Алексей молча вытащил сто рублей. Мишка, кажется, бегом бегал, потому что вернулся быстро и задохнувшись. Принес опять две бутылки. Налили. Первому стакан Алексею протянули, но тот только головой замотал, отказываясь. Других уговаривать не пришлось. Две бутылки мигом оказались пустыми…
Сидели, разговаривали… Говорили они о кавказцах… И только о них…
Внезапно Алексей встал и посмотрел на Тошу.
– Завтра поедем покупку оформлять…
– Какую покупку? – не понял Тоша.
– Дома…
– Дома-то нет…
– Я новый построю… Поедем завтра… Сегодня мне тяжело… Четыреста тысяч, как обещал, я тебе плачу…
– За что? – Тоша опять не понял. – Одна баня осталась… Сорок тысяч за все про все… Баня и участок… Сорок, а не четыреста… Тебе еще строить… Я не Ваха, чтобы так наглеть… – Он даже изуродованной ногой своей в сердцах топнул.
– И еще… – добавил Алексей чуть тише и угрюмее. – Покажешь мне, где Ваху найти…
– Это я тебе и рассказать могу… Такой дом один на весь райцентр…
– Это любой покажет… – добавил дядя Леня. – Только один не ходи… Их там много…
– Мы поможем, чем сможем… Не велика помощь, сам понимаю, но на что-то и мы годимся: – Даже за двадцать лет жизни в деревне Геннадий не разучился говорить относительно грамотно, по-городскому…
ЧАСТЬ ВТОРАЯ
ПРОЛОГ
Артем Палыч ковырнул вилкой колбасу.
– Дело это теперь не мое, поскольку я законный и уважаемый пенсионер… Нет теперь следователей в прокуратуре, есть только следователи следственного комитета… И пусть они разбираются с тем, с чем у меня ума разобраться не хватило… Повторяю, я только законный и уважаемый пенсионер…
– Что-то новое… – заметил отец Георгий. – У нас что, пенсионеров теперь уважают? Мне казалось, последние лет пятнадцать-двадцать их в государственном масштабе целенаправленно со свету сживают…
– И это есть… – согласился Строганов. – Сживают… И только говорят о том, как о пенсионерах заботятся… Пенсию добавят, сразу все вокруг дорожает… И всегда причины какие-то найдут… Дескать, все объективно… Так уж совсем бы тогда не добавляли, а то мне добавили, а цены взлетели, и дочь концы с концами свести не может… Опять же, из своей пенсии помогаю… Но мы здесь не для того, мне кажется, собрались, чтобы пенсионерские судьбы трепать… А тебе-то самому, отец Георгий, долго до пенсии…

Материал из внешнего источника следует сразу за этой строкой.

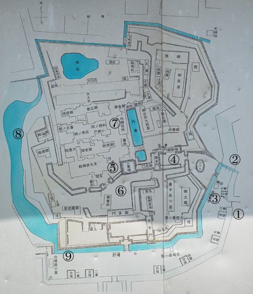 同じ頃、旧幕府軍の別動隊は、城の北東の後背高地の法華寺という寺の境内に布陣。ここは城の本丸より高台に位置した。ここからまず城郭外の砲陣地を大砲で破壊。さらに城内を破裂弾で攻撃する。これによってついには火災が発生した。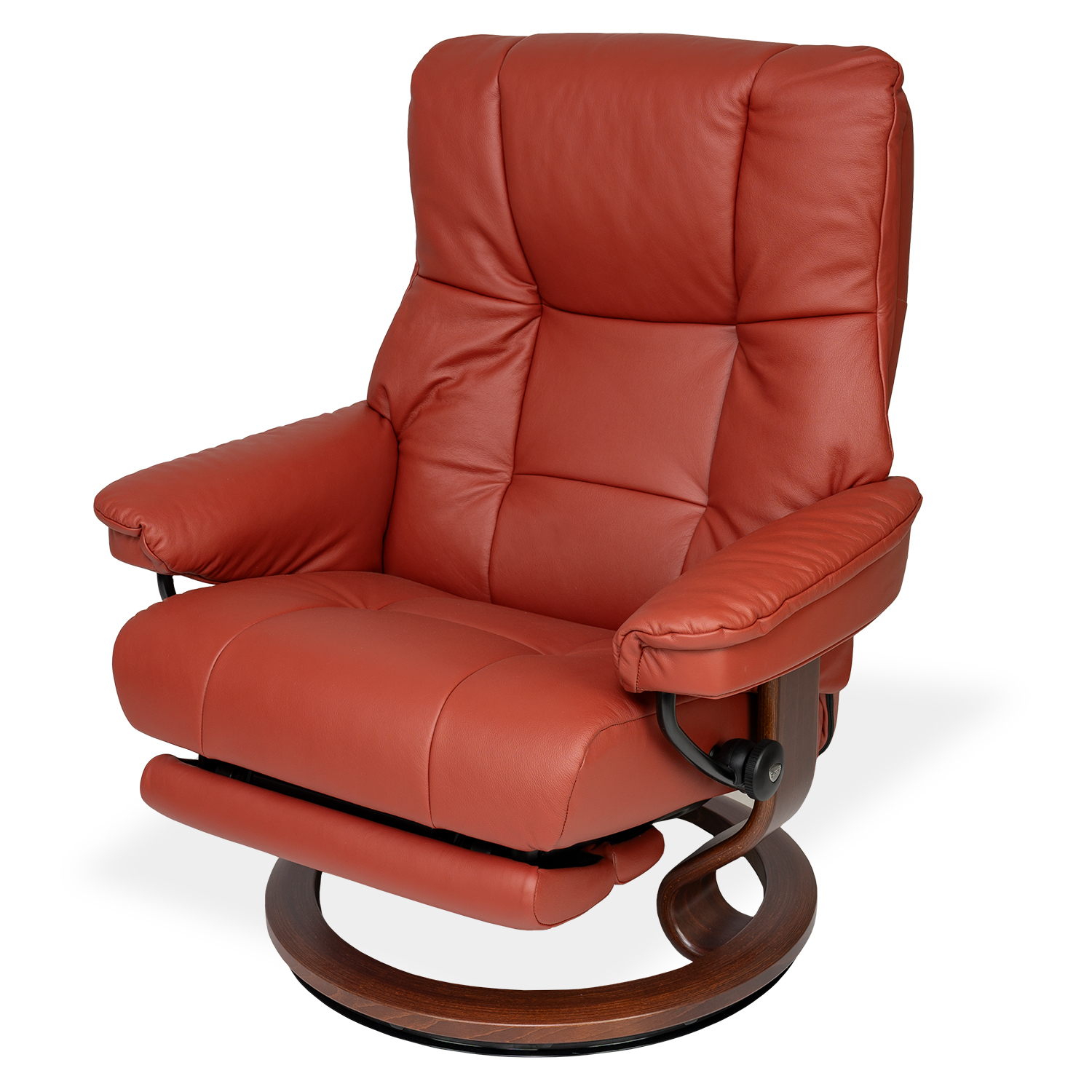 The Mayfair Medium Power Chair, designed by Stressless® of Norway, has a laid-back, elegant design with cutting-edge comfort features and power motion technology. Available with a Classic Power brown base and dark henna Paloma leather, this chair has amply padded back and seat cushions with a lightly tufted stitching pattern that creates a tailored feel and quilted look. Mayfair is equipped with the Plus™ system, which adjusts the headrest to best support your body, as well as power motion buttons that let you recline the footrest and backrest to your preferred position. Mayfair will bring timeless style and classic Stressless® comfort to your home.

– Я еще молод, не смотри, что сед… У нас порода такая – чернявые все и седеем рано… – отец Георгий бороду огладил. Борода у него длинная, с большой проседью. Больше седины, чем черных волос. – Да здоровье еще молодости не добавляет… Сдаю быстро… Даст господь, скоро к нему отправлюсь…
– Все со здоровьем маешься… – Строганов сказал это скептически, потому что сам здоровьем был от природы наделен богатырским и всех при каждом удобном случае убеждал, что здоров только потому, что никогда врачам не верил и по их кабинетам не шастал. Хотел быть здоровым – и был им… Просто по своему желанию, по настрою внутреннему… С врачами только по необходимости дело имел… Руку сломал… Пулю в бою получил… Там уж без врачей никуда… А в остальном – всегда здоров…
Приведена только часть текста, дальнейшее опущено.